How do you know you would enjoy being a mechanic?
I don't. Not one bit. It's gamble.
As someone who worked in a tool wielding career myself, I get the temptation and attitude that it would be more satisfying to spend the day using tools instead of doing paperwork. I get it, I really do, that's why I left paperwork to handle tools. I spent a lot of money training to be a professional tool user.
However, handling tools all day comes with its own tedious hell if you don't actually have the psychology for it, and it's impossible to tell if you do until you try.
I LOVE working with my hands. Really, I was born to do it, teachers when I was 5 years old started commenting on my dexterity and skill handling tools. I truly, truly love it, it puts me right into flow state.
What I HATE HATE HATE is feeling constantly rushed when working with tools. That fucks with my flow state and makes the whole process feel like torture. That's what a lot of tool working jobs are like, because when your labour is your product, then your value comes down to how quickly you can do that labour. It's the same way that I love cooking, but hated being a chef.
When there's pressure to speed up labour, there's then often institutional pressure to cut corners, even if it isn't explicit, the tool-jockeys who do cut corners tend to be rewarded because they appear faster. It can be infuriating.
I was lucky, being born to do this, I actually did become abnormally fast. After about 3 years, I got so fast that I was able to work at what for me was an incredibly leisurely pace while pumping out more work that my much harder working colleagues.
After about 5 years, I was bored out of my skull. Doing the same range of tool using tasks day in and day out started feeling like my brain was rotting. I started deeply envying people like my DH, who basically gets paid 6 figures for his thoughts. If I had to spend another 10 hour day cutting endless 6 degree angles, I was going to lose my mind.
I started intensely craving more meaning in my work. It felt pointless doing work that was totally non individual. Anyone else trained to do it could do it. Sure, I could do it a lot faster, which made my life easier, but still, I could only get so good and I had gotten there years before. I was stagnating.

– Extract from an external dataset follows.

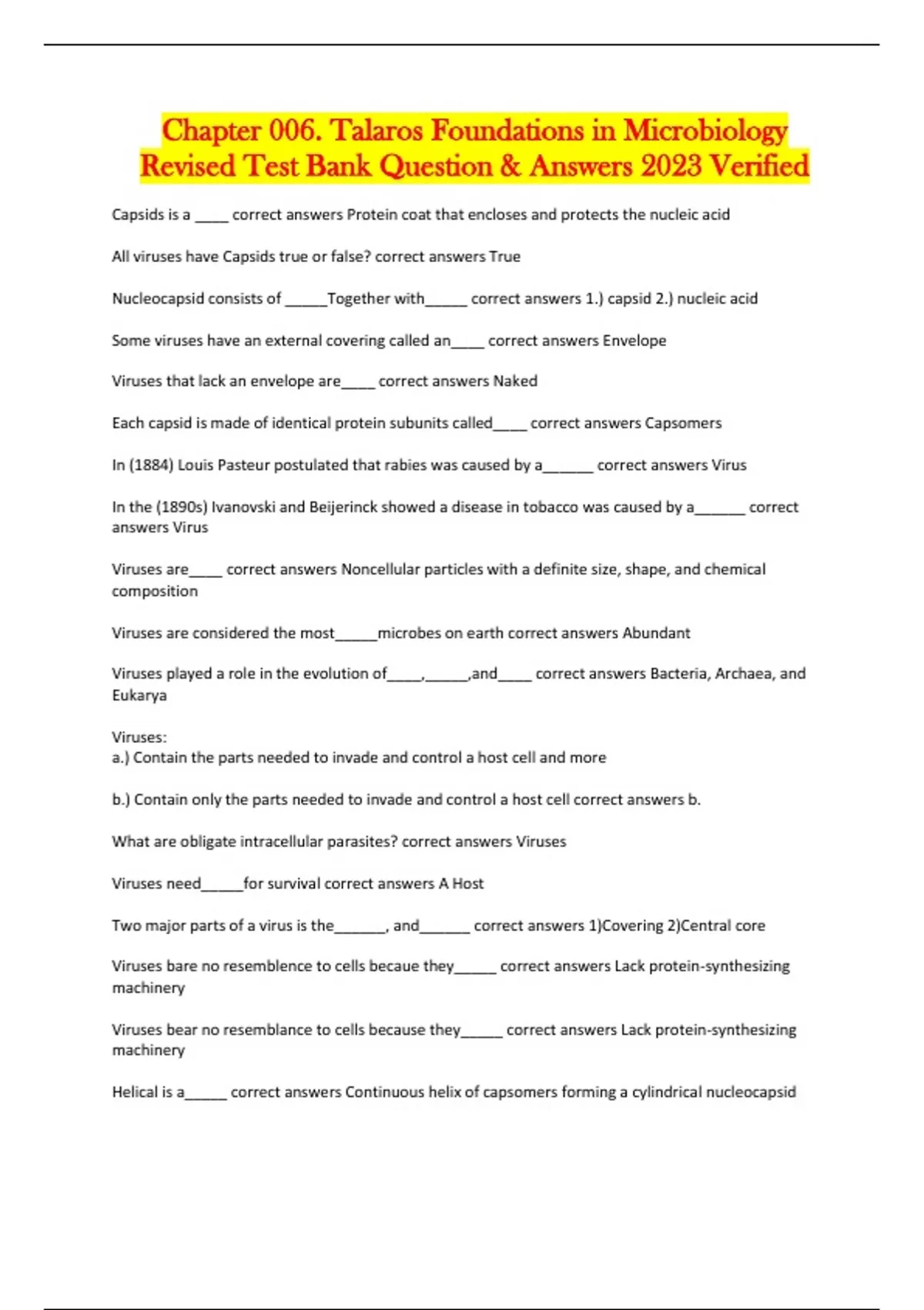Chapter 003. Talaros Foundations in Microbiology Revised Test Bank Question & Answers 2023 Verified Capsids is a ____ correct answers Protein coat that encloses and protects the nucleic acid All viruses have Capsids true or false? correct answers True Nucleocapsid consists of _____Together with_____ correct answers 1.) capsid 2.) nucleic acid Some viruses have an external covering called an____ correct answers Envelope Viruses that lack an envelope are____ correct answers Naked Each capsid is made of identical protein subunits called____ correct answers Capsomers In (1884) Louis Pasteur postulated that rabies was caused by a______ correct answers Virus In the (1890s) Ivanovski and Beijerinck showed a disease in tobacco was caused by a______ correct answers Virus Viruses are____ correct answers Noncellular particles with a definite size, shape, and chemical composition Viruses are considered the most_____microbes on earth correct answers Abundant Viruses played a role in the evolution of____,_____,and____ correct answers Bacteria, Archaea, and Eukarya Viruses: a.) Contain the parts needed to invade and control a host cell and more b.) Contain only the parts needed to invade and control a host cell correct answers b. What are obligate intracellular parasites? correct answers Viruses Viruses need_____for survival correct answers A Host Two major parts of a virus is the______, and______ correct answers 1)Covering 2)Central core Viruses bare no resemblence to cells becaue they_____ correct answers Lack protein-synthesizing machinery Viruses bear no resemblance to cells because they_____ correct answers Lack protein-synthesizing machinery Helical is a_____ correct answers Continuous helix of capsomers forming a cylindrical nucleocapsid Name the two general structures of a virus correct answers 1)Helical 2)Icosahedral Icosahedral is a shape that is_____with______ correct answers 1) 20-sided with 2) 12 corners Viral envelope are: 1)Mostly____viruses 2)Acquired when the virus leaves the_____ 3)Exposed proteins on the outside of the envelope, called spikes, that are essential for______ correct answers 1) Animal 2) Host cell 3) Attachment of the virus to the host cell The Capsid/Envelope Protects the_____when the virus is outside of the host cell correct answers Nucleic acid The Capsid/Envelope Helps the virus bind to a____and assists the penetration of the_____into a suitable host cell correct answers 1) Cell surface 2) Viral DNA or RNA

So I invested a bunch more money to train in a area that very few of my colleagues worked in, that required a lot of thinking work along with the tool work.
That was great for awhile, I didn't switch over completely, I just started slowly doing more and more of the new type of work I was qualified to do, still working with my hands.
Then...fuck.
Then I got injured from chronic strain of doing the job. I spent an entire year getting as much medical help as possible, but the ongoing pain started making it impossible for me to do my job without wanting to die. An entire year, dropping to very part time, modifying duties, nothing worked. I could not use tools anymore professionally.
So I retired. I retired just in time to make my last student loan payment. So the entire gamble, for me, was pointless from a financial standpoint.
Now, that's just my personal story. Yours may be very very different, but it's a good perspective to think about when romanticizing working with your hands as somehow a more satisfying alternative to working on a computer.
Maybe it is the right move for you, but I wouldn't rush too quickly into a grass-is-greener kind of situation when you have no idea if it's what you need to be happy.